Distribution of the target given all data and respective targets and new input - Bishops' PRML book

87 Views Asked by At

In 1.2.6 he gives this equation (1.68):

$$p(t|x,\mathbb{x},\mathbb{t}) = \int p(t|x,\mathbb{w})p(\mathbb{w}|\mathbb{x},\mathbb{t}) d\mathbb{w} \tag{1.68}$$

And this is just a distribution over $t$ given the new data point $x$ and all the data $\mathbb{x}$ and respective targets $\mathbb{t}$. But the author does not give a motivation of why the LHS is equal to the RHS. And I am interested in precisely knowing how to write out the expression on the RHS, if I were given the expression on the LHS.

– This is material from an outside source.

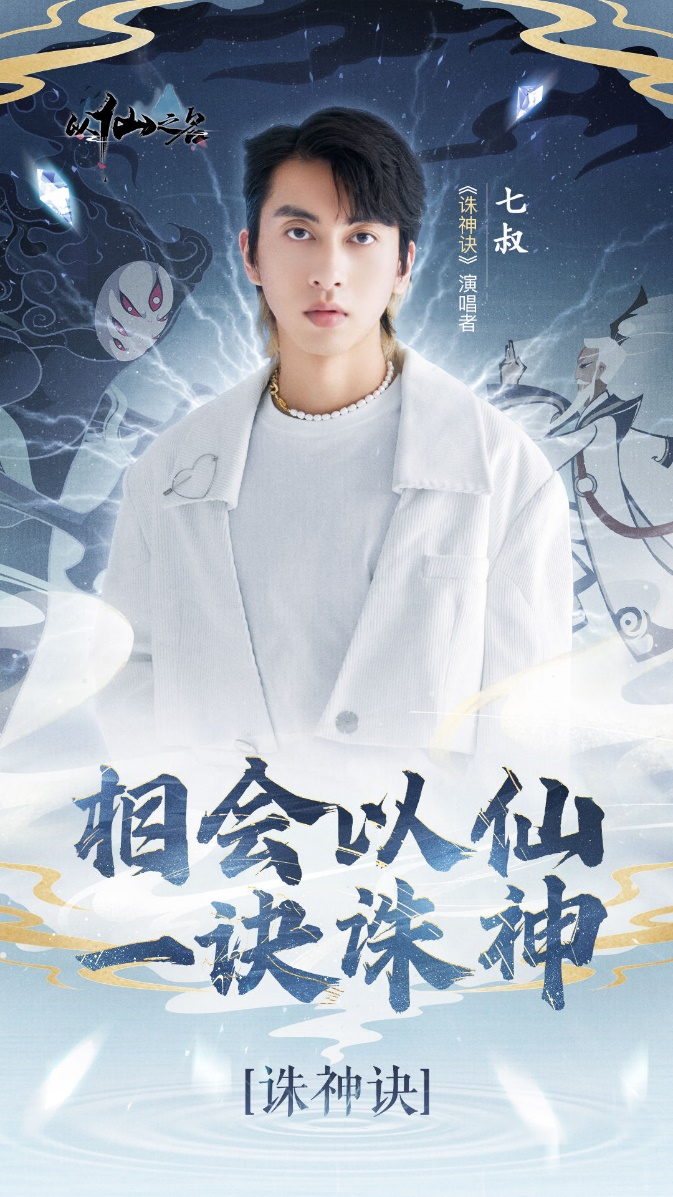 除了酒剑仙谢君豪之外,《以仙之名》邀请到了古风歌手七叔(叶泽浩),演唱以仙之名主题曲《诛神诀》,希望借助七叔特有的古风唱腔,能够让各位道友触碰到居隐心中所含的执念和沧桑,了悟仙缘!一同“剑指九州烽火,诛杀此间神魔”

To give some more details: $$p(t|x,\mathbb{w})= \mathcal{N}(t|y(x,\mathbb{w}),\beta^{-1}) \tag{1.60}$$ and $$p(\mathbb{w}|\mathbb{x},\mathbb{t},\alpha,\beta) \propto p(\mathbb{t}|\mathbb{x},\mathbb{w},\beta)p(\mathbb{w}|\alpha)$$ i.e. a posterior distribution is proportional to likelihood times prior. So we would obtain the $p(\mathbb{w}|\mathbb{x},\mathbb{t})$ term in the integral by normalizing the distribution in (1.60).

1

There are 1 best solutions below

4
On BEST ANSWER

The problem is one of predicting a new target at a given, non-random, input point $x$ where $\mathbb{w}$ is distributed under the posterior having observed the targets $\mathbb{t}$ at the input points $\mathbb{x}$, therefore the posterior only has a dependence on those input points to which there also corresponds some observed target, that is $$ p(\mathbb{w}|x,\mathbb{x},\mathbb{t})=p(\mathbb{w}|\mathbb{x},\mathbb{t}) $$ so then by marginalising over $\mathbb{w}$ you have $$ \begin{align*} p(t|x,\mathbb{x},\mathbb{t}) &= \int p(t, \mathbb{w} | x, \mathbb{x}, \mathbb{t} ) d\mathbb{w} \\ &= \int p(t | \mathbb{w}, x, \mathbb{x}, \mathbb{t} ) p(\mathbb{w} | x, \mathbb{x}, \mathbb{t}) d\mathbb{w} \\ &= \int p(t|\mathbb{w},x,\mathbb{x},\mathbb{t})p(\mathbb{w}|\mathbb{x},\mathbb{t})d\mathbb{w} \end{align*} $$ Now it follows from $t|x,\mathbb{w} \sim \mathcal{N}\left(y(x,\mathbb{w}), \beta^{-1} \right)$ that the distribution of the target $t$ at a new point $x$ depends only on that point and the parameters $\mathbb{w}$, as well as the parameter $\beta$ but that is being suppressed here for keeping the notation compact, and therefore $$ p(t|\mathbb{w},x,\mathbb{x},\mathbb{t})= p(t|\mathbb{w},x), $$ which gives the quoted result.

In summary one goes from the fully specified conditionals to their more compact representations by considering information that becomes redundant due to any conditional independence properties of the model. So for example conditional on the specific parameters $\mathbb{w}$ of the model, knowing the input points $\mathbb{x}$ and $\mathbb{t}$ from which the posterior information regarding these parameters arose gives us no new information regarding the distribution of $t$ at a new point $x$ because conditional on their respective input points, and the model parameters, each target is independent $$ \begin{align*} p(t, \mathbb{t}|x,\mathbb{x},\mathbb{w} ) &= \mathcal{N}(t|y(x,\mathbb{w}),\beta^{-1})\prod_{i \; : \; x_i \in \mathbb{x} }\mathcal{N}\left(t_i | y(x_i, \mathbb{w}), \beta^{-1} \right) \\ &= p(t|x,\mathbb{w})p(\mathbb{t}|\mathbb{x},\mathbb{w}). \end{align*} $$